In case there is still confusion by what I mean when I say, "one at a time", imagine that col1 and col2 are instead collections of different types of marbles, with duplicates. I want to form col3 such that I have the minimum amount of the different types of marbles, so that I can remove enough marbles from col3 to form col1, then put the marbles back into col3, then remove enough marbles to form col2.

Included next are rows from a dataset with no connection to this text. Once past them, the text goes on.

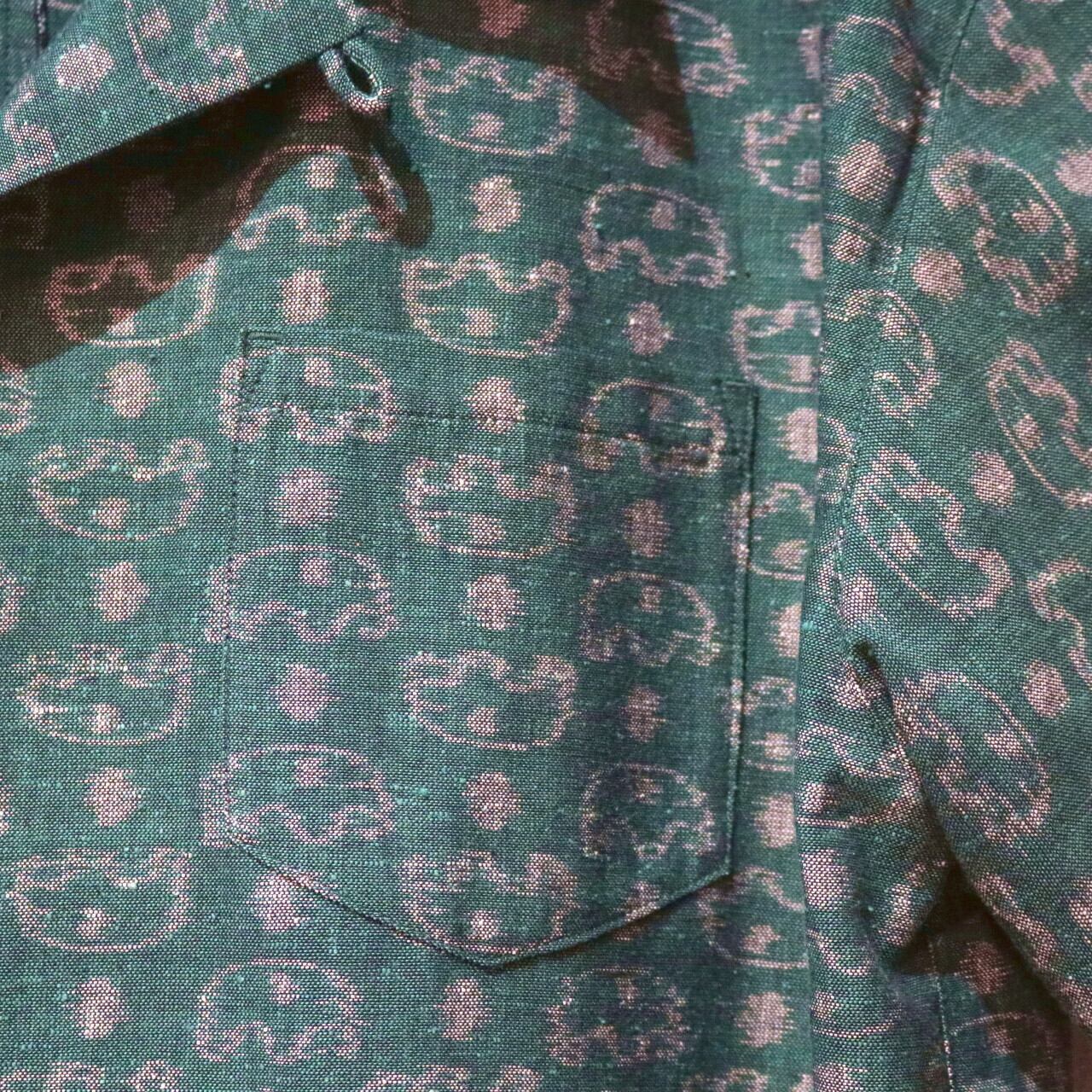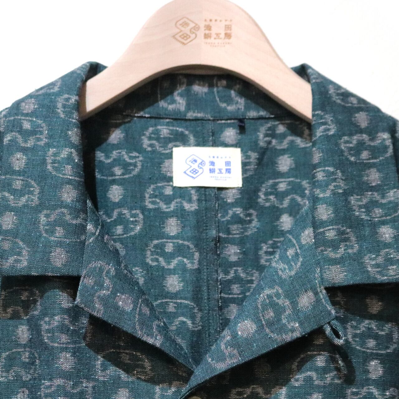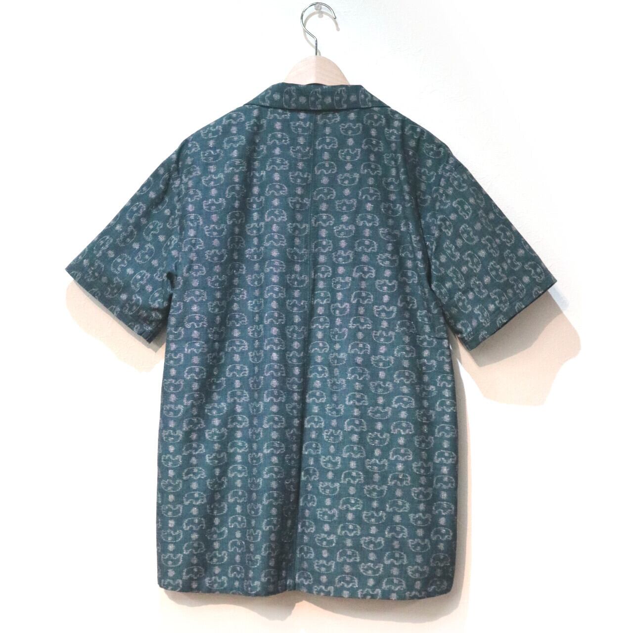 [メンズシャツ 絵絣 紳士Lサイズ] 手織り ぞうさん大行進柄 久留米絣使用 池田絣工房 開襟シャツ 半袖 グリーン
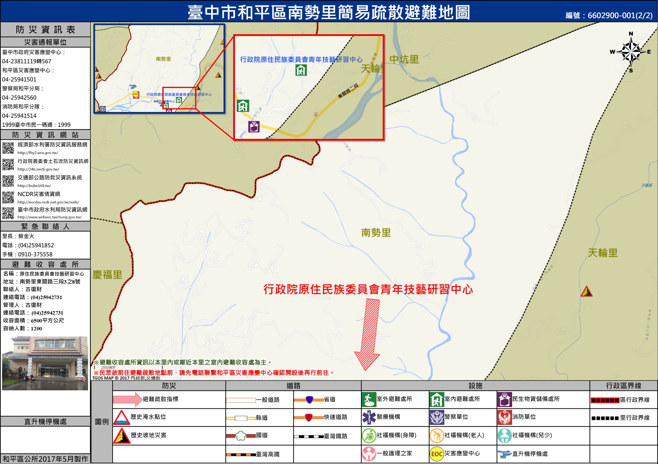 「南勢里」避難收容處包含『南勢社區活動中心、原住民技藝研習中心』
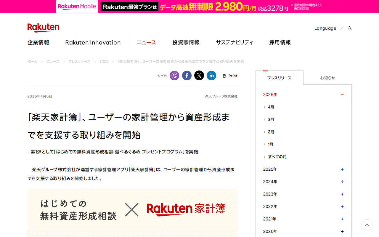 「楽天家計簿」、ユーザーの家計管理から資産形成までを支援する取り組みを開始 | 楽天グループ株式会社
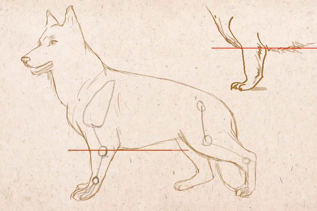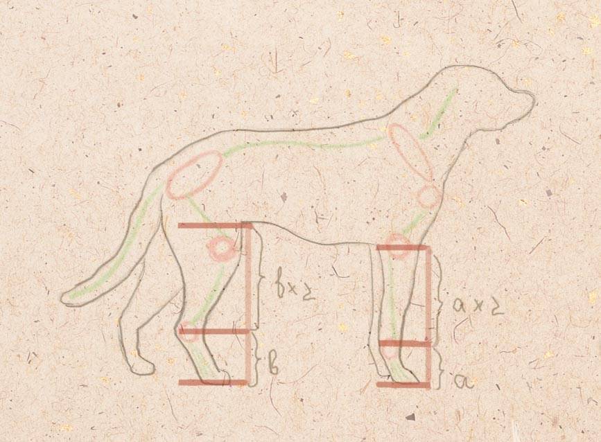 - Задние лапы: На задних лапах длина от нижней линии тела до пятки равна двум расстояниям от пятки до земли.
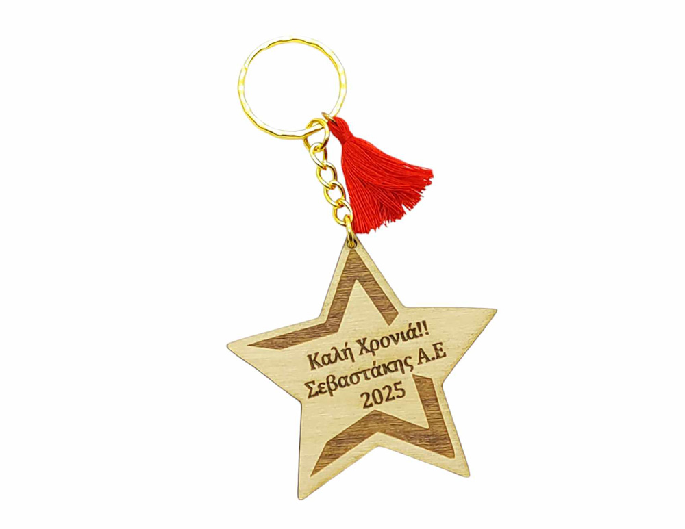 Εταιρικό Γούρι Ξύλινο μπρελόκ αστέρι με φούντα (195755)
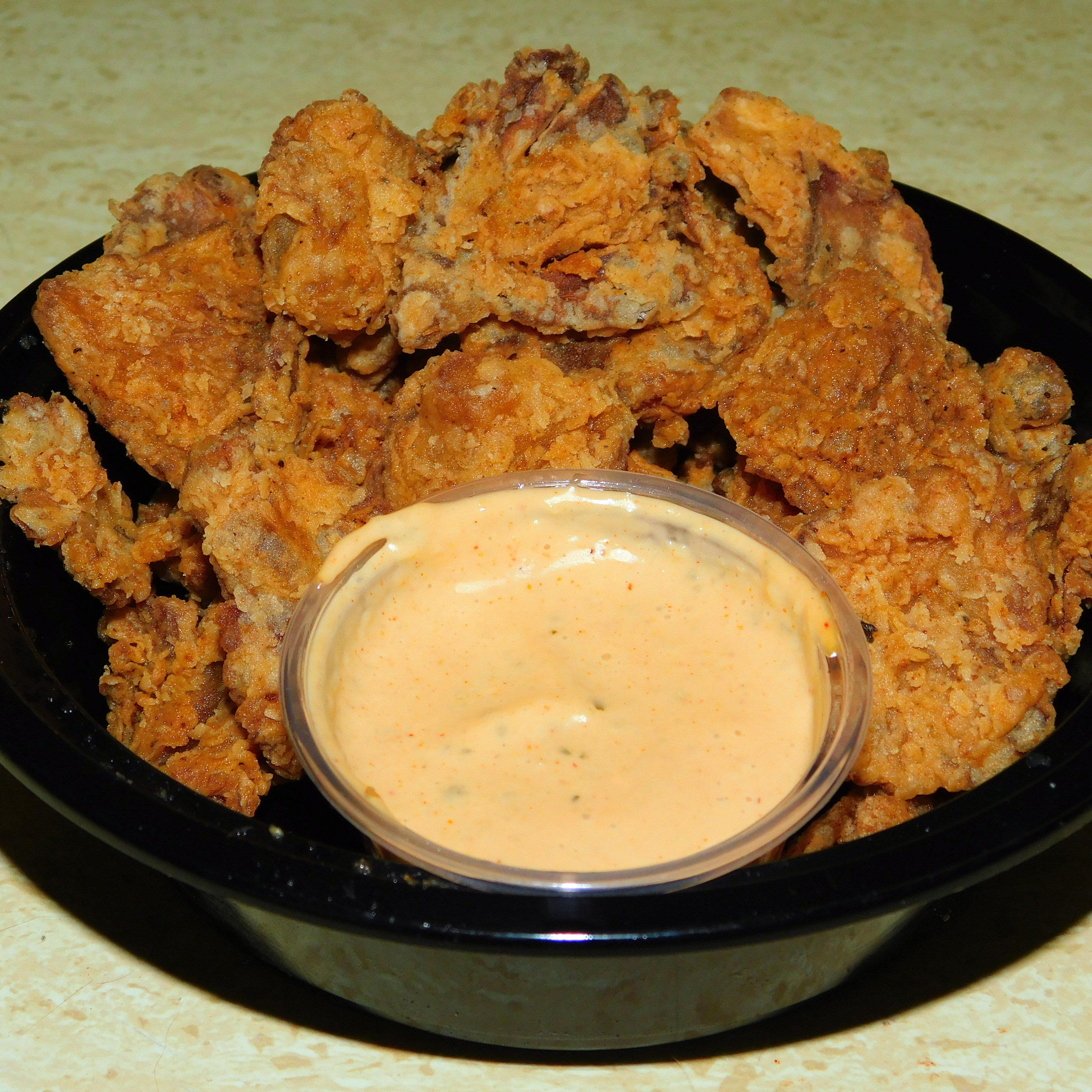 Our favorite chicken-y mushrooms? Dee’s Vegan To Go Oyster Mushroom Bites.
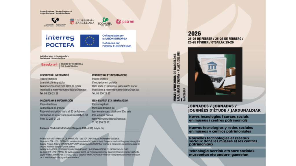 Jornadas PATRIM 2030 / CONFÉRENCES PATRIM 2030, Sin categorizarPATRIM 4.0: Jornadas sobre nuevas tecnologías y redes sociales en museos y centros patrimoniales en Barcelona
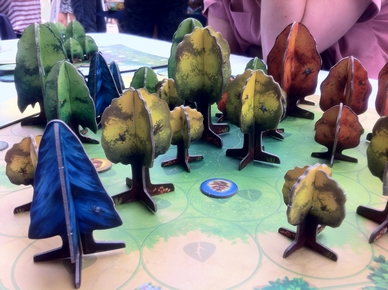 Les arbres, suivant leur croissance, ont une taille de 1, 2 ou 3 et vont générer autant de points de photosynthèse à chaque tour. Suivant sa taille, l’arbre projette aussi son ombre sur autant de cases dans la direction opposée au soleil. Les arbres qui se trouvent sur ces cases ombragées ne rapporteront pas de points d’actions s’ils ne sont pas plus grands que celui qui leur fait de l’ombre. Vous voyez là l’importance du placement de vos cultures et la nécessité de se projeter dans la rotation de l’astre solaire (oui, ici c’est bien le soleil qui tourne autour). Et pourquoi pas juste planter une graine pour empêcher l’autre de s’y mettre ? Blocage, ça aussi je l’ai dit !

I would love it if the answer used LINQ to come up with a single expression that solves the problem, because the two methods I've thought of so far involve:

  1. Merging dictionaries which contain histograms (i.e., number of occurences of each different integer).
  2. Constructing a dictionary from col1 and then doing a "mark and insert" type operation while processing col2, resulting in a final dictionary with just enough count for each integer to satisfy my criteria.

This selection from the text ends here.